At least one of these is based around an organisation called the Q Forum, which has concerns about Islamic immigration.
Will any of these groups achieve the prominence of Pauline Hanson’s One Nation?
I don’t know.
What I do know is that if you ignore the concerns of a large part of the community, or dismiss these concerns as illegitimate, then you get the sort of political forest fires that we saw with Pauline Hanson.
In that case a new party went from a standing start in 1997 to 22.68% of the Queensland vote and 11 seats one year later in 1998.
What I also know, based on a qualitative survey of 1,349 Australians we conducted, and the study we have just released, is that if parties are based around concern about Islamic immigration, then a significant segment of the community is likely to welcome them.

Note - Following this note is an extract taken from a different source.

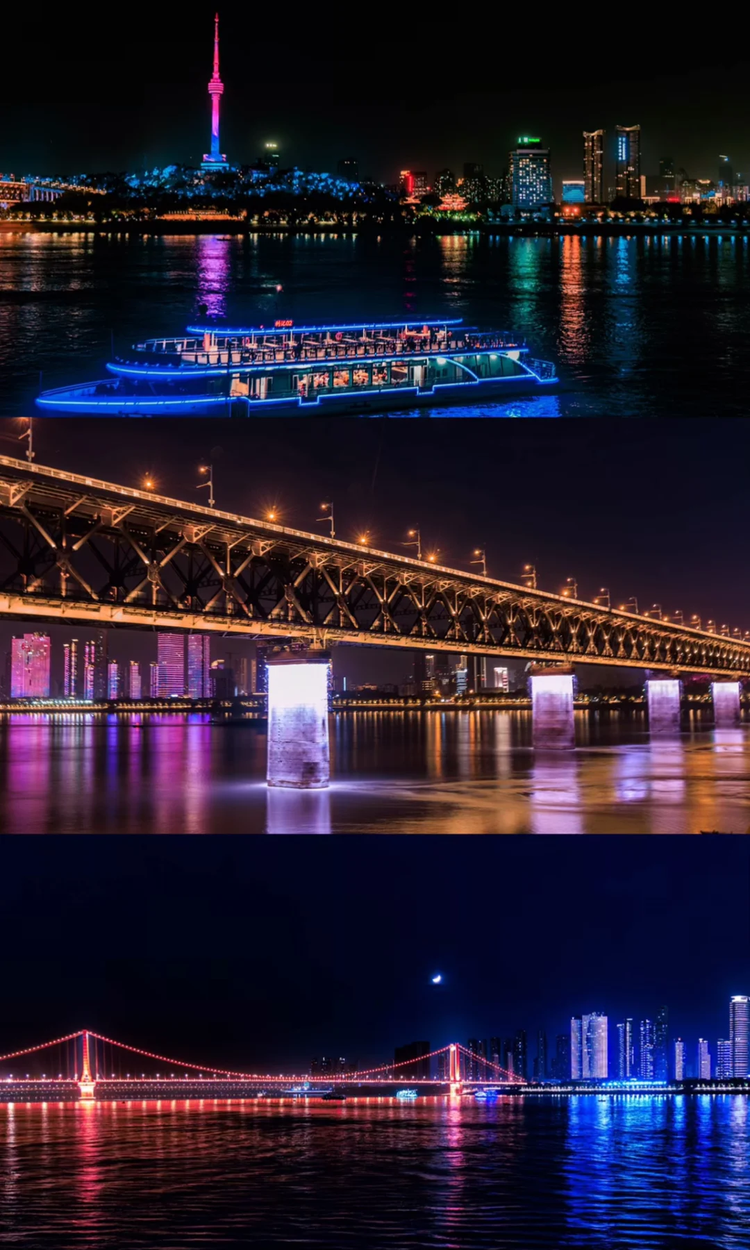 夜晚灯光秀超美,江面倒影与两岸灯光呼应!

I also know that while this concern is strongest on the right with 75% of our Liberal, and 69% of our non-Greens minor party respondents saying Islamic immigration is bad for Australia, on the left 22% of ALP and 18% of Greens respondents thought the same.
Even more startling, only 8% of all respondents thought Islamic immigration has been for the good.
But not only is this an issue for a prime minister seeking to be inclusive, it is even more an issue for the community itself, or more properly the communities themselves.
There are the recently arrived migrant communities, and those communities who have been here centuries, and then there are overlapping communities based not on ethnic origin, but shared beliefs.
The research identifies different belief groups with significantly different attitudes on immigration, even when they use the same words.